How PBMs Impact Independent Pharmacies

Learn how pharmacy benefit managers can influence prescription costs, limit patient choice, and contribute to the loss of independent community pharmacies. Discover why personalized pharmacy care remains an essential part of better health outcomes.

As part of EZ Scripts Pharmacy, being what a workers’ compensation pharmacy should be, we will continue our series of Pharmacy Benefit Managers.

Workers’ compensation is difficult for all stakeholders, and our goal is simple, to demystify elements of a complex industry.

For our seventh piece, we will address How PBMs Impact Independent Pharmacies.

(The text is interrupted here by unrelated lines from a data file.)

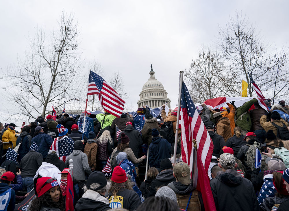 2021年1月6日,在美國首都華盛頓,時(shí)任總統(tǒng)特朗普的支持者在國會(huì)外舉行示威游行,部分示威者沖進(jìn)國會(huì)大廈,與警方發(fā)生沖突,造成一人死亡,當(dāng)時(shí)正在舉行的認(rèn)證大選結(jié)果的國會(huì)參眾兩院聯(lián)席會(huì)議也被迫中斷。新華社記者劉杰攝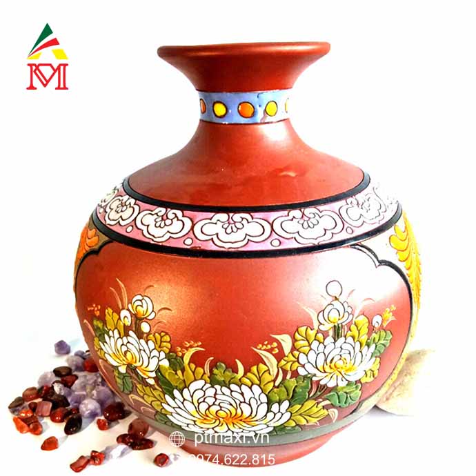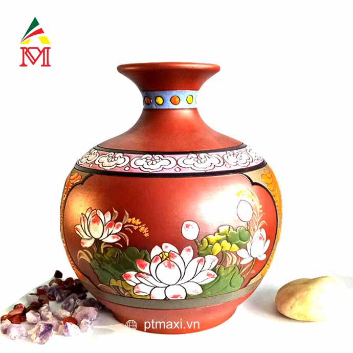 - Với màu gốm đỏ đặc trưng, hoa văn được khắc nổi trên thân bình, với những đường nét uyển chuyển tinh tế.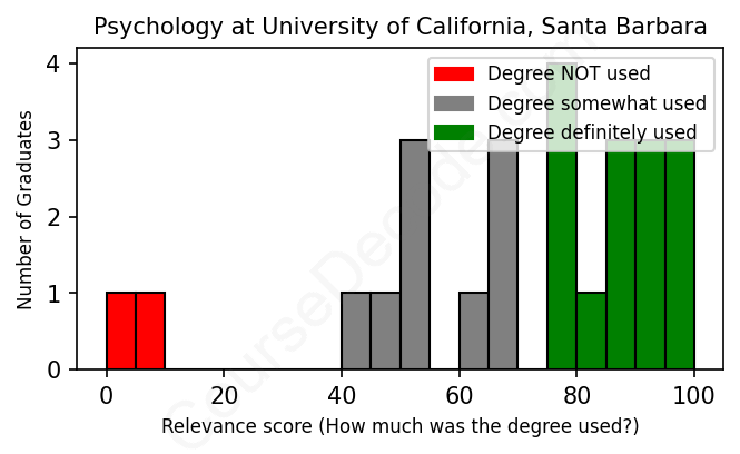 The verdict? Slightly above average. Overall, with an average relevance score of 69%, Psychology graduates from University of California, Santa Barbara have a slightly higher likelihood (+2%) of finding work in this field compared to the average graduate across all fields: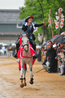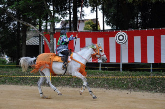 流鏑馬(やぶさめ)節句祭が5月5日、苗村神社(竜王町綾戸)で行われる。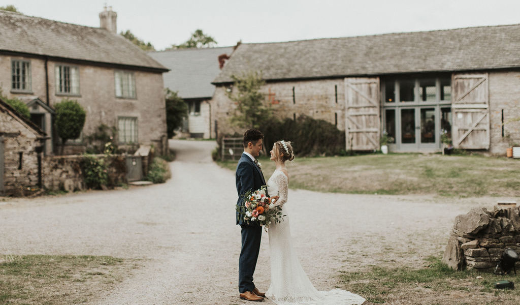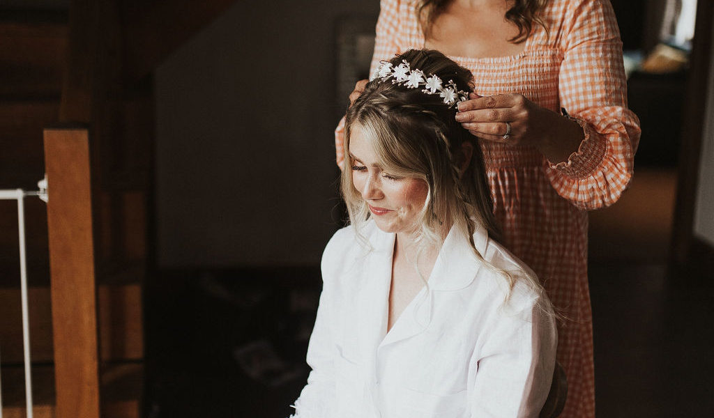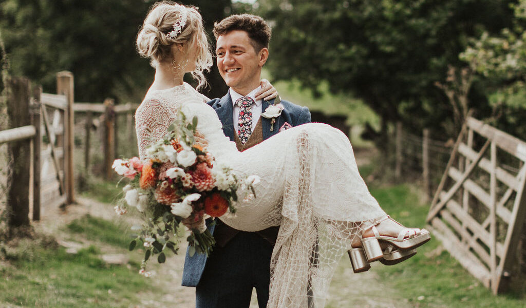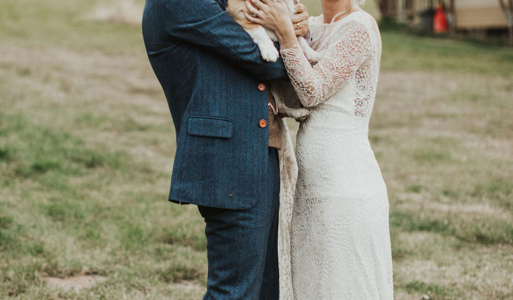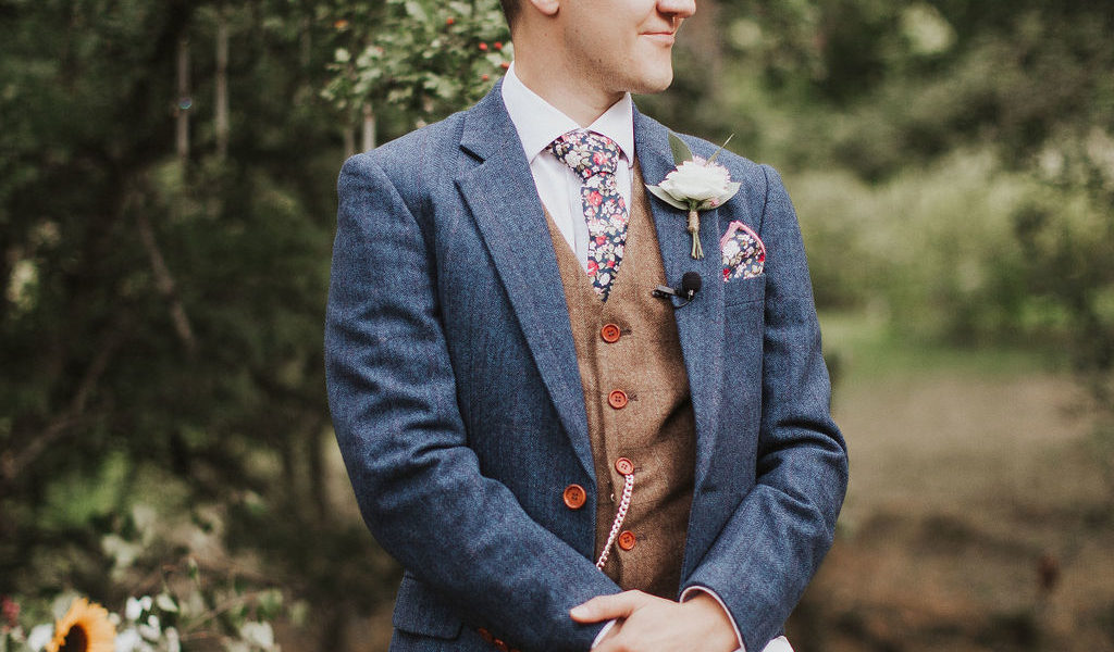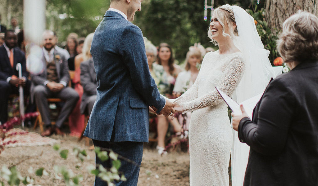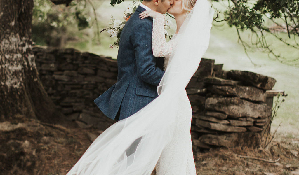 Jamie & Lou met in Hay on wye. So when they decided to marry they wanted to celebrate their nuptials back where it all began. Lou was keen on a woodland/outdoorsy wedding. When they had a look around Drovers they fell in love. They decided to choose a spot on the farm where no-one else had gotten married. A stunning space amongst the ancient Rowan, Ash, Oak and Birch trees in our re-wilded field. After an extremely hot Summer the forecast for the weekend was rain. We had the two barns they could relocate to, however it would not be the same. The day before they called it and decided no matter what, they would have it in the woodland and the fairies magically kept the rain away.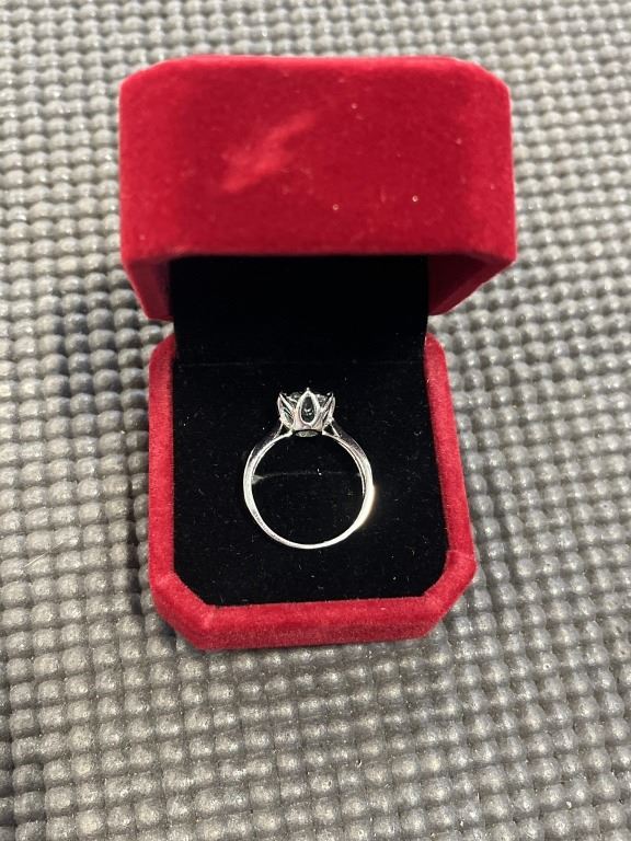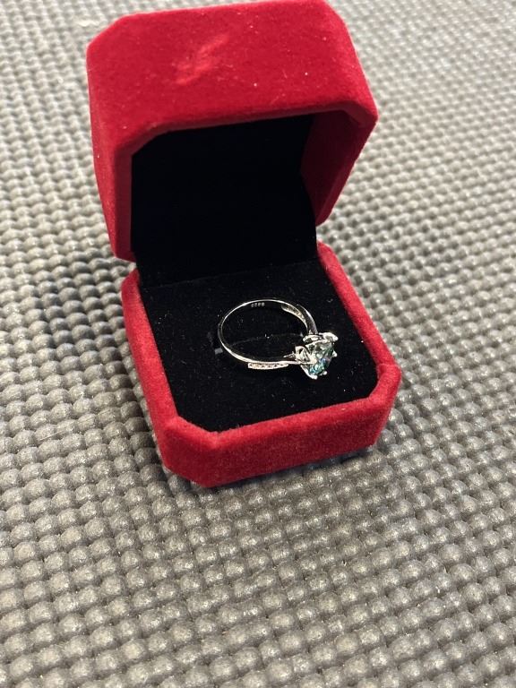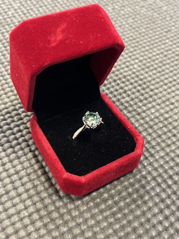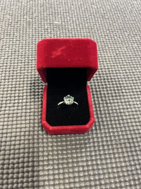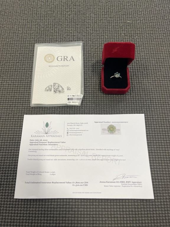 3.00 CT GRA CERTIFIED ROUND BRILLIANT CUT MOISSANITE STONE VVS VIVID BLUISH GREEN COLOR WITH 12 ROUND BRILLIANT CUT CUBIC ZIRCONIA SET IN SHANKS SET IN 925 SILVER RING SIZE 7.25 RETAIL VALUE $1,800.00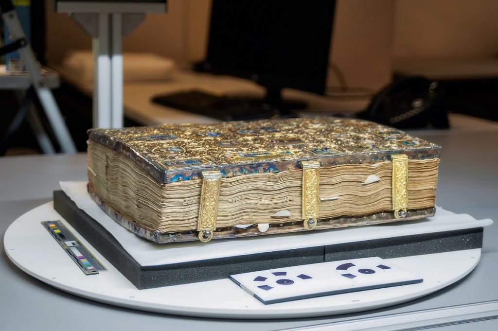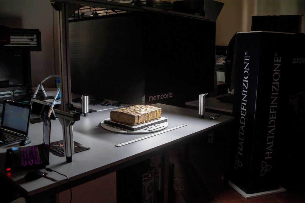 La tecnica fotografica gigapixel+3D adottata da Haltadefinizione per l’acquisizione digitale non entra in contatto diretto con il bene oggetto di ripresa, garantendo la più elevata qualità di riproduzione digitale e, al contempo, la massima tutela dell’originale. Data la particolare delicatezza e importanza del manoscritto, tutte le operazioni di digitalizzazione sono state condotte in loco, dove il personale interno ha eseguito anche una copia completa delle carte interne che compongono il codice. Inoltre, l’acquisizione tridimensionale della coperta riccamente decorata ha permesso di mappare con precisione tutte le forme dell’oggetto rispettando fedelmente la resa di colori, toni, dettagli, geometria, nitidezza e illuminazione della superficie. Le tecnologie di digital imaging sono al giorno d’oggi una preziosa fonte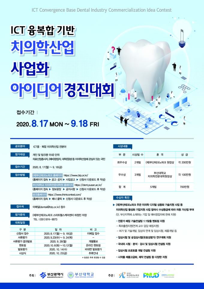 부산시(시장 권한대행 변성완)는 10월 14일 부산테크노파크에서 열리는 「2020년 ICT 융복합 기반 치의학 산업 아이디어 경진대회」에 참가할 개인 및 팀(5명 이내) 단위 참가팀(10개)을 9월 18일까지 모집한다고 밝혔다.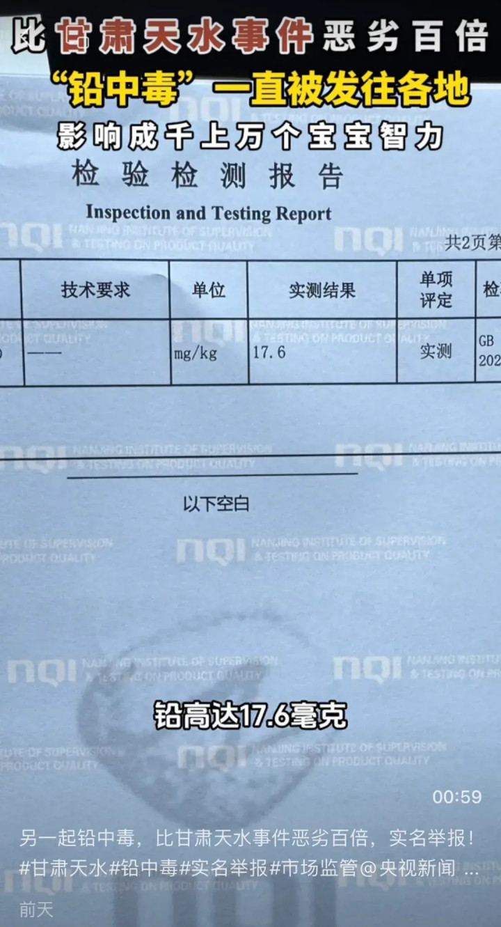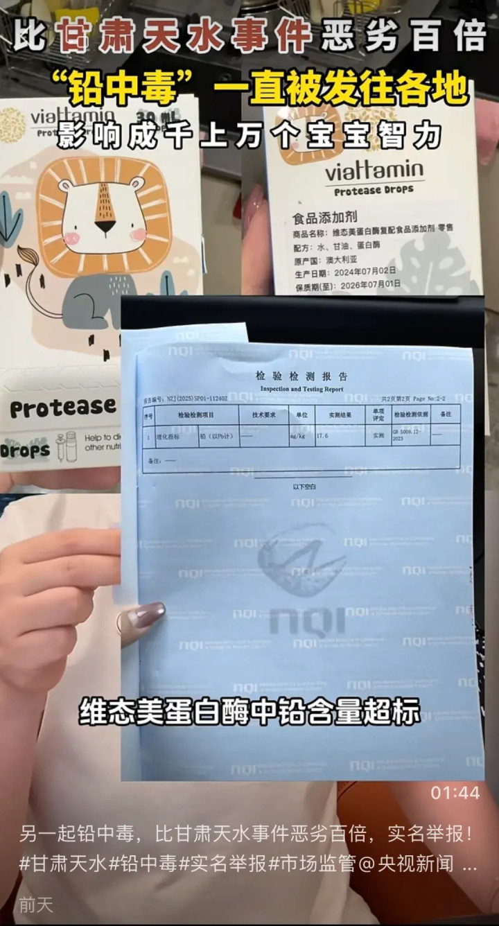 今年7月,天水市麦积区培心幼儿园使用“不可食用”的彩绘颜料替代食品添加剂,导致食品铅含量超出国家标准2000余倍,233名幼儿食用后均被检出不同程度血铅异常,引发社会广泛关注和热议。 然而,一波未平一波又起。近日,一则实名举报在社交媒体持续发酵。消费者吴梦莹女士通过各社媒平台公开指控称,婴童膳食营养补充剂“维态美蛋白酶”的铅含量严重超标,不仅致自家6月龄婴儿“铅中毒”,还不断向全国各地销售影响成千上万的宝宝。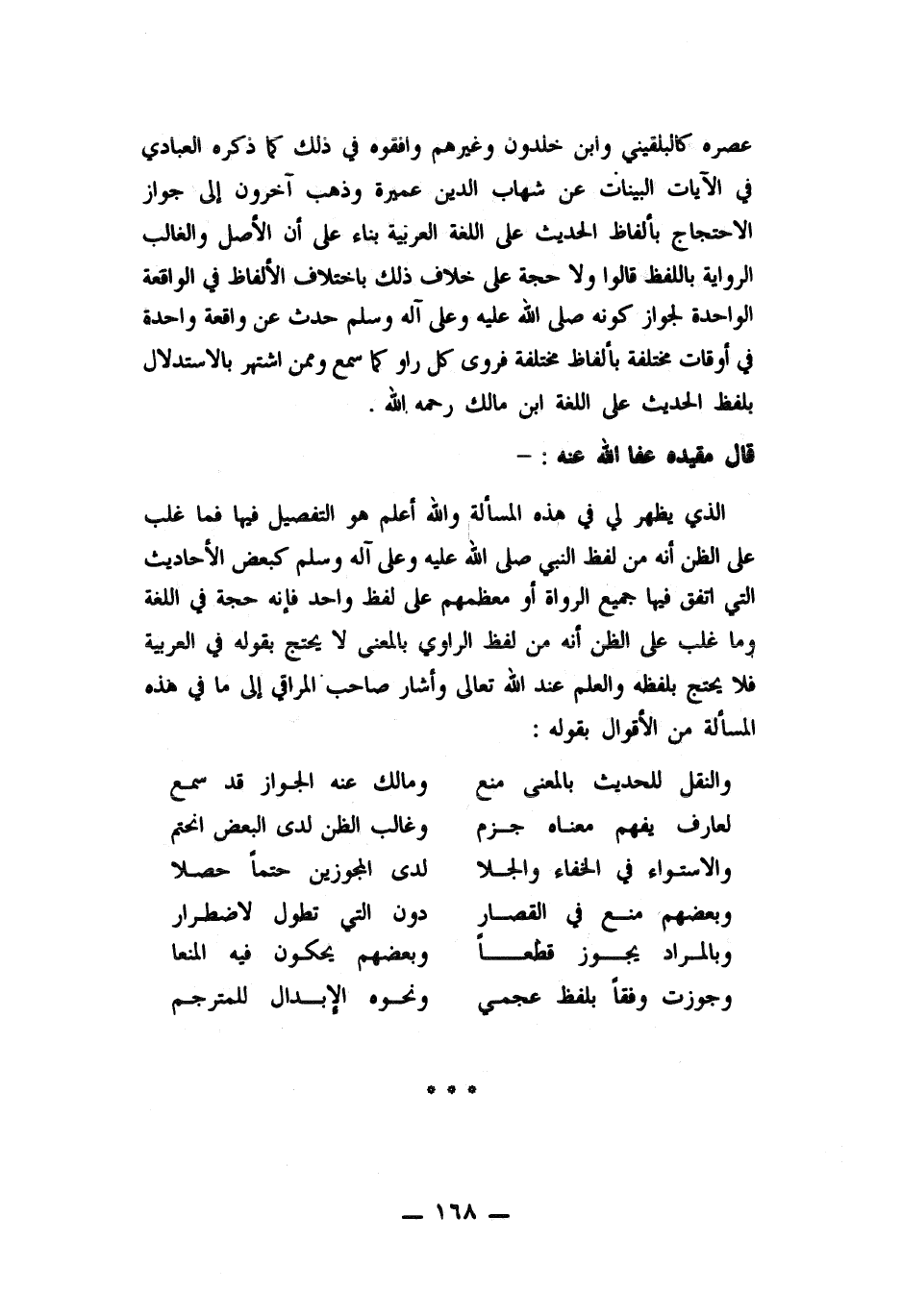عميرة وذهب آخرون إلى جواز الاحتجاج بألفاظ الحديث على اللغة العربية بناء على أن الأصل والغالب الرواية باللفظ قالوا ولا حجة على خلاف ذلك باختلاف الألفاظ في الواقعة الواحدة لجواز كونه صلى الله عليه وسلم حدث عن واقعة واحدة في أوقات مختلفة بألفاظ مختلفة فروى كل راو كما سمع وممن اشتهر بالاستدلال بلفظ الحديث على اللغة ابن مالك رحمه الله.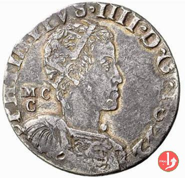 3 Carlini con corona Dritto: PHILIPP. IIII. DEI. GRA, Busto del Re radiato volto a dx, dietro sigla dell'Ufficiale di zecca, davanti, eventualmente, sigla del coniatore, sotto la data. Verso: Anepigrafo, grande corona in ghirlanda dalloro. | |

This series of Pharmacy Benefit Managers will cover the following topics:

What is a PBM – https://www.ezrxmeds.com/part-1-blog-series/
The History of PBMs – https://www.ezrxmeds.com/part-2-blog-series-the-history-of-pbms/
The Current State of PBMs – https://www.ezrxmeds.com/current-state-of-pharmacy-benefit-managers/
The Role of PBMs in Workers’ Compensation Compared to Private Insurance https://www.ezrxmeds.com/the-role-of-pbms-in-workers-comp-compared-to-private-insurance/
How PBMs are Involved in Patient Care https://www.ezrxmeds.com/how-pbms-are-involved-in-patient-care/
How PBMs can Impact Medical Providers https://www.ezrxmeds.com/how-pbms-can-impact-medical-providers/
How PBMs Impact Independent Pharmacies
The Future of PBMs

How PBMs Impact Independent Pharmacies

When you pick up a prescription, you probably expect the process to be simple. Your healthcare provider prescribes the medication, your pharmacy fills it, and your insurance helps cover the cost. Behind the scenes, however, another layer of the healthcare system often has significant influence over what happens next.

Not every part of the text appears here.